= Elections in the District of Columbia =

Elections in the District of Columbia are held to fill various district and federal seats. The District of Columbia holds general elections every two years to fill various D.C. government offices, including mayor, attorney general, members of the D.C. Council, members of the D.C. State Board of Education, and members of its Advisory Neighborhood Commissions. Special elections may be held to fill vacancies at other points in time. Additionally, citywide ballot measures may be proposed and voted on.

==Procedure==
Elections in the District of Columbia are administered by the D.C. Board of Elections.

==Elected offices==
===Federal===

United States presidential election results for Washington, D.C.
| Year | Republican |  | Democratic |  | Third party(ies) |  |
| No. | % | No. | % | No. | % |
| 1964 | 28,801 | 14.50% | 169,796 | 85.50% | 0 | 0.00% |
| 1968 | 31,012 | 18.18% | 139,566 | 81.82% | 0 | 0.00% |
| 1972 | 35,226 | 21.56% | 127,627 | 78.10% | 568 | 0.35% |
| 1976 | 27,873 | 16.51% | 137,818 | 81.63% | 3,139 | 1.86% |
| 1980 | 23,313 | 13.41% | 130,231 | 74.89% | 20,345 | 11.70% |
| 1984 | 29,009 | 13.73% | 180,408 | 85.38% | 1,871 | 0.89% |
| 1988 | 27,590 | 14.30% | 159,407 | 82.65% | 5,880 | 3.05% |
| 1992 | 20,698 | 9.10% | 192,619 | 84.64% | 14,255 | 6.26% |
| 1996 | 17,339 | 9.34% | 158,220 | 85.19% | 10,167 | 5.47% |
| 2000 | 18,073 | 8.95% | 171,923 | 85.16% | 11,898 | 5.89% |
| 2004 | 21,256 | 9.34% | 202,970 | 89.18% | 3,360 | 1.48% |
| 2008 | 17,367 | 6.53% | 245,800 | 92.46% | 2,686 | 1.01% |
| 2012 | 21,381 | 7.28% | 267,070 | 90.91% | 5,313 | 1.81% |
| 2016 | 12,723 | 4.09% | 282,830 | 90.86% | 15,715 | 5.05% |
| 2020 | 18,586 | 5.40% | 317,323 | 92.15% | 8,447 | 2.45% |
| 2024 | 21,076 | 6.47% | 294,185 | 90.28% | 10,608 | 3.26% |

====Congress====

According to the Article One of the Constitution, only states may be represented in the United States Congress. The District of Columbia is not a U.S. state and therefore has no voting representation.
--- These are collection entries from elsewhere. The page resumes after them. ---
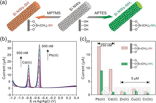 基于此,課題組研究人員分別制備出巰基化和氨基化多孔Si納米線并將其修飾在電極上實(shí)現(xiàn)對(duì)Cd(II)和Pb(II)的高選擇性檢測(cè)。相比于氨基化多孔Si納米線,巰基化的材料表現(xiàn)出更好的檢測(cè)效果,這主要?dú)w因于巰基對(duì)重金屬離子具有更大的親和力。除此之外,巰基化Si納米線修飾電極還可用于Cd(II)和Pb(II)的無干擾同時(shí)檢測(cè)。在多孔Si材料表面修飾不同的有機(jī)基團(tuán)可實(shí)現(xiàn)對(duì)其它重金屬離子的有效檢測(cè),該工作為借助有機(jī)基團(tuán)增強(qiáng)重金屬離子的電化學(xué)檢測(cè)信號(hào)提供了新思路。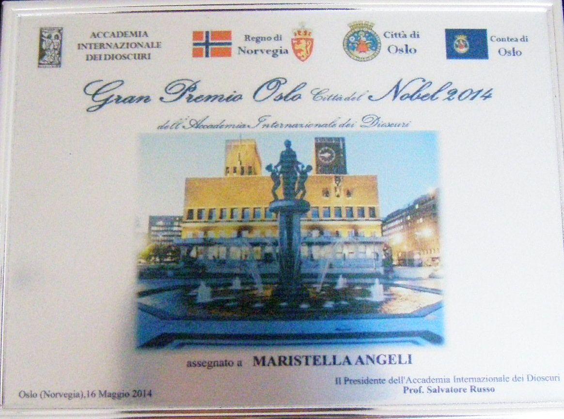 Ho ricevuto il Gran Premio Oslo Città del Nobel 2014 dell’Accademia Internazionale dei Dioscuri, che verrà consegnato a Roma il 31 maggio 2014 alle ore 16,00 presso il Cento Congressi “Hotel Hermitage”, sito in Via Eugenio Vajna, 12, Zona Parioli, alla presenza di rappresentanti dell’Ambasciata, di giornalisti, operatori culturali, personaggi dello spettacolo e delle autorità locali. Grande risalto all’evento sarà dato attraverso la stampa, la radio e la televisione.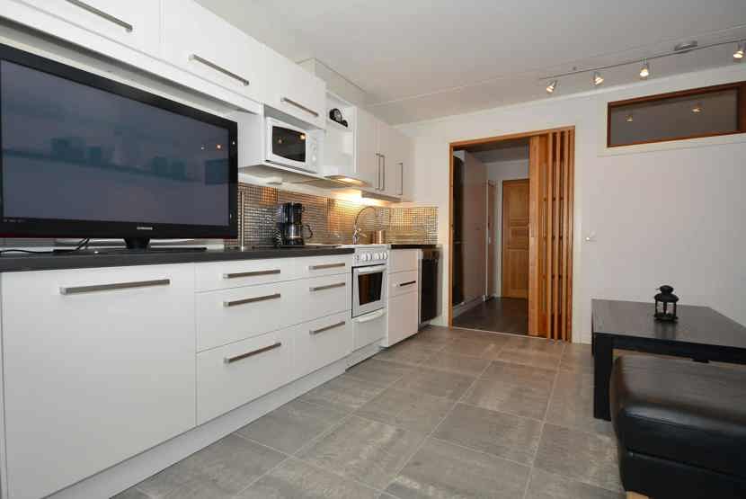 Køkkenet indeholder: elkomfur med ovn, køleskab, frys, opvaskemaskine, microovn.

In 1970, Congress enacted the District of Columbia Delegate Act, which established the District of Columbia's at-large congressional district and permitted residents to elect a non-voting delegate to the House of Representatives. Nearly 100 years prior in the 1870s, the congressional district briefly existed before Congress abolished it in favor of direct rule.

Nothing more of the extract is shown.